In her Senate Bill 1535, which seeks to amend Section 24 of Republic Act 9262 or the Anti-Violence Against Women and Their Children Act of 2004, and in Article 90 of the Revised Penal Code, the time limit to sue major VAWC offenders will be “imprescriptible.”
“Despite the country’s unwavering efforts to develop effective legislation, inequities in power — economic, social, financial — persist,” Marcos said.
“Victims should be given more time to come out publicly. The personal trauma and the social stigma attached to reporting VAWC offenses cannot be underestimated,“she explained.
Under present laws, state prescriptive periods of 10 to 20 years for various degrees of VAWC offenses and their corresponding penalties.
Marcos asserted that those who commit major VAWC offenses should be held accountable for the rest of their lives, especially if they are either a parent, step-parent, ascendant, guardian, or relative within the fourth degree of consanguinity or affinity.
Major VAWC offenders are also defined as persons of authority, influence, or moral ascendancy in work, training, or education environments involved.
According to Marcos’ bill, major VAWC offenses that should be made imprescriptible when a victim’s next of kin, custodians, or a person in authority is involved include attempted or consummated rape, causing or attempting to cause a woman or child to engage in sexual activity not constituting rape, causing or threatening to cause physical harm, depriving or threatening to deprive a mother of custody of her child or of ample financial support for her child, and denying a woman her right to work or controlling her money or personal and conjugal property.

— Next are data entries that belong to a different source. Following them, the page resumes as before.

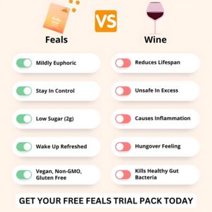 This square comparison ad template is designed for a single‑serve dietary supplement positioned as a healthier alternative to wine. The layout is a clean “VS” face‑off: product pack on the left (Feals...
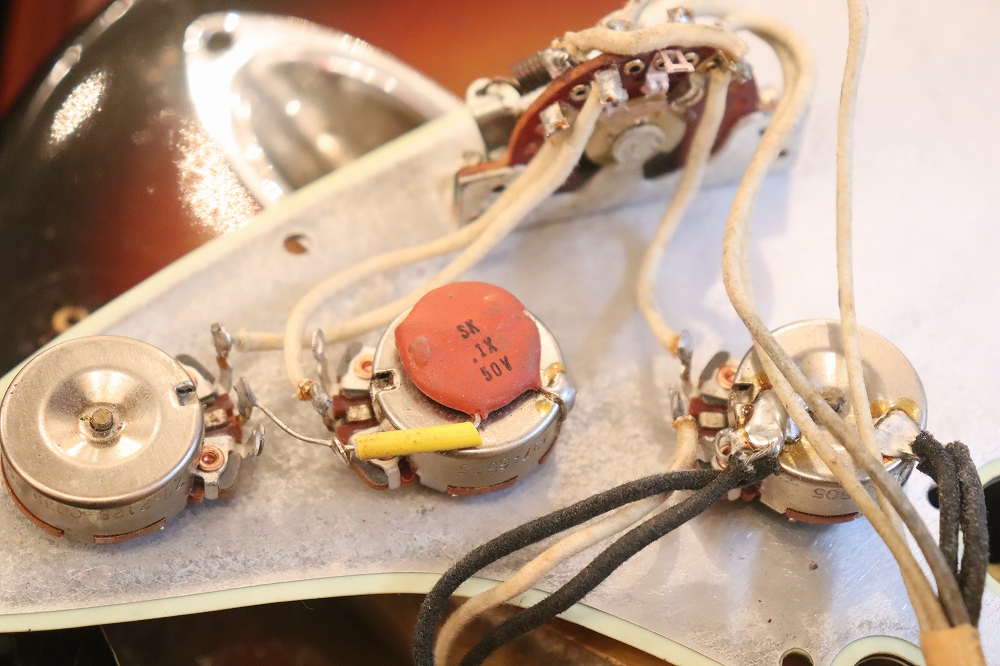 その他、オリジナルもグリーンガードですが、現在はピックガードがリアルなレリック仕様のグリーンガードのリプレイスへ、シールドプレート、アームバーがリプレイスされていますが、主要部のピックアップ、アッセンブリー、ハードウエア等はオリジナルをキープしています!
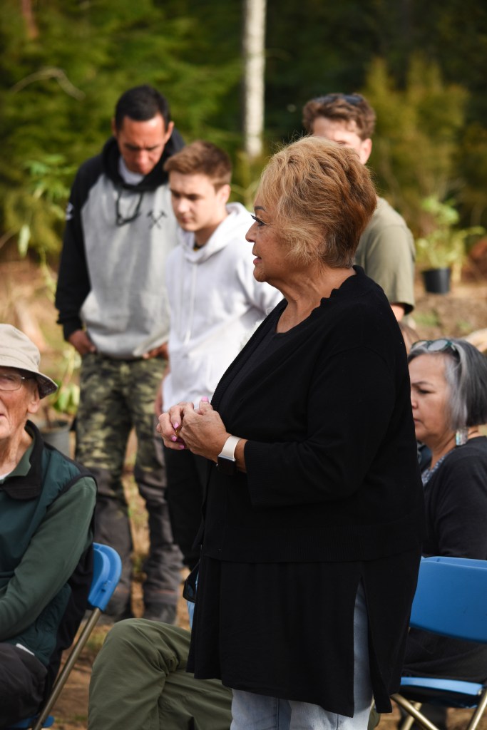 The October planting day began with a ceremony led by June Johnson of the We Wai Kai First Nation. A large cedar and a juvenile crabapple tree were planted to commemorate the event. Following the ceremony, each class participated in an educational session on wetland habitat, led by the BCWF Youth Program. Students then had the opportunity to plant alongside their peers, We Wai Kai Land Guardians, and the Southwest Pod field crew.
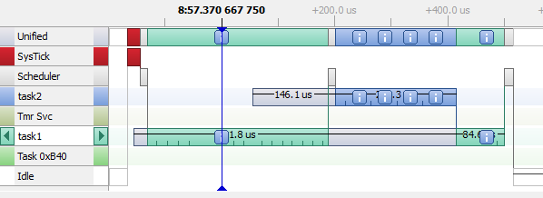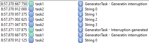 Notice that task1 is a little longer compared with the last 2 examples, this is caused by the for loop sending a message to a queue, when the loop finishes task1 executes the interruption, which will read all the messages on the Queue to send another Queue now with strings data, after, the task2 is executed to read the strings message on Queue and print on the terminal the data. Finally, the task resumes to print that interruption was generated.
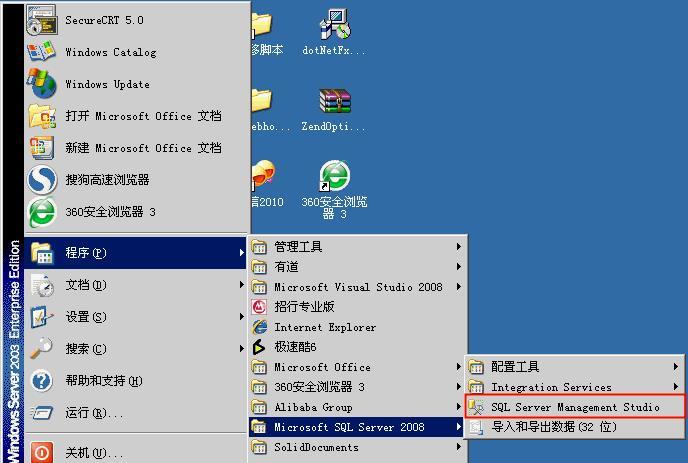 1、打开本地计算机上的 SQL Server Management Studio 客户端软件:

The SB 1535 also extends the prescriptive period from 10 to 20 years when the same offenders commit lighter VAWC crimes like stalking, peering, entering a dwelling against a woman’s will, destroying her property, verbal and emotional abuse, and public ridicule of a woman or child.
The senator’s call to amend the prescriptive periods on VAWC crimes coincides with this year’s global campaign to end violence against women, which continues until 10 December.
The Philippines has extended its national campaign until 12 December, which marks the historic signing in 2000 of the UN Protocol to Prevent, Suppress and Punish Trafficking in Persons.